TN Congressman proposes impeaching President Trump

President Donald Trump speaks to supporters in Nashville (SOURCE: NBC)
President Donald Trump speaks to supporters in Nashville (SOURCE: NBC)

WASHINGTON, D.C. (WMC) - Tennessee Congressman Steve Cohen announced that he plans to introduce articles of impeachment against President Donald Trump as soon as he returns to Congress.

The impeachment effort is in response to Trump's comments about the white nationalist rally in Charlottesville, Virginia.

"Part of his oath of office is to take care that the laws are executed appropriately, carried out, if he can't even identify domestic terrorists and equates them with American protesters of anti-American values, he is not capable of leading us," Cohen said. "There's nothing more important than democracy, and democracy is at risk with this man as President. He doesn't understand America, he doesn't understand his job as President.
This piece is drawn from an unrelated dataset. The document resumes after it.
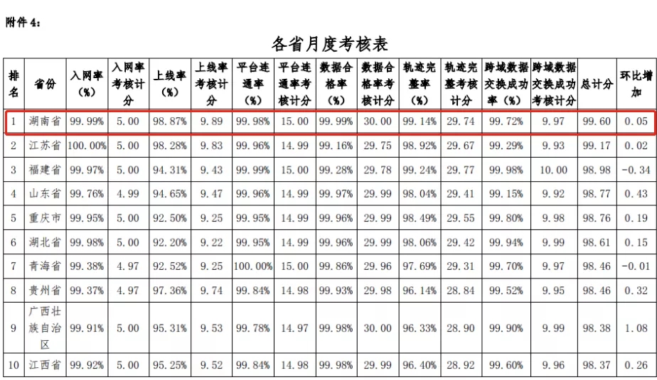 近日,记者从中国交通通信信息中心《关于全国重点营运车辆联网联控系统运行情况的报告》中获悉,2020年5月份,湖南省在全国重点营运车辆联网联控系统运行情况的考核中,位居全国第一。至此,湖南省重点营运车辆联网联控系统运行已经连续20个月位居全国前列,其中18个月领军第一。

He's morally, ethically and intellectually incapable of being president of the United State of America."

Cohen said Trump should be impeached for not unequivocally condemning actions by neo-Nazis, white nationalists, and Klansmen after a national tragedy.

"Instead of unequivocally condemning hateful actions by neo-Nazis, white nationalists and Klansmen following a national tragedy, the President said 'there were very fine people on both sides.' There are no good Nazis. There are no good Klansmen," Cohen said. "With the President's abject failure of leadership...I had no choice but to introduce these articles of impeachment."

Click here to watch Cohen explain why he thinks impeachment is necessary.

Cohen goes on to compare the events to the Holocaust, citing that white nationalists in Charlottesville chanted the Nazi slogan, "blood and soil," as well as, "Jews will not replace us."

"None of the marchers spewing such verbiage could be considered 'very fine people' as the President suggested," Cohen said.

When asked if these things are impeachable offenses for a President, Cohen said the founding documents of our country are not specific on what are impeachable offenses. He said if half of the Congress votes to impeach and 66 percent of the Senate votes to convict, the President could be impeached for jaywalking.

Despite his vigor, Cohen admits it's currently an uphill battle to get the votes required to impeach Trump.

However, Cohen said he believes the tide is turning against Trump and those who defend his actions. He said he expects Democrats to win some Congressional seats in the next election.

"If we [Democrats] get a majority, impeachment will be a front line issue in 2019. If we don't get a majority, but make major gains, the Republicans will see the writing on the wall for 2020 and they will initiate impeachment to get Trump out, put Pence in, and hopefully save their rear ends," Cohen said.

One Tennessee Republican condemned Trump on Thursday by saying he had not shown that he "understands what has made this nation great."

As for the Confederate monuments in Memphis, Cohen supports removing the monuments. He said Mayor Jim Strickland and City Council both approved removing the monuments. However, the law gives the final say of moving Memphis' Confederate monuments to a board. Cohen said since Governor Bill Haslam appoints the members of that board, he is to blame for the monuments still being up.

Cohen said Haslam should go to the board and get them to vote in favor of removing the monuments.

Cohen's full statement on the release of articles of impeachment is below:

"I have expressed great concerns about President Trump's ability to lead our country in the Resolution of No Confidence (H.Res. 456) that I introduced in July with 29 of my colleagues; however, after the President's comments on Saturday, August 12 and again on Tuesday, August 15 in response to the horrific events in Charlottesville, I believe the President should be impeached and removed from office. Instead of unequivocally condemning hateful actions by neo-Nazis, white nationalists and Klansmen following a national tragedy, the President said 'there were very fine people on both sides.' There are no good Nazis. There are no good Klansmen."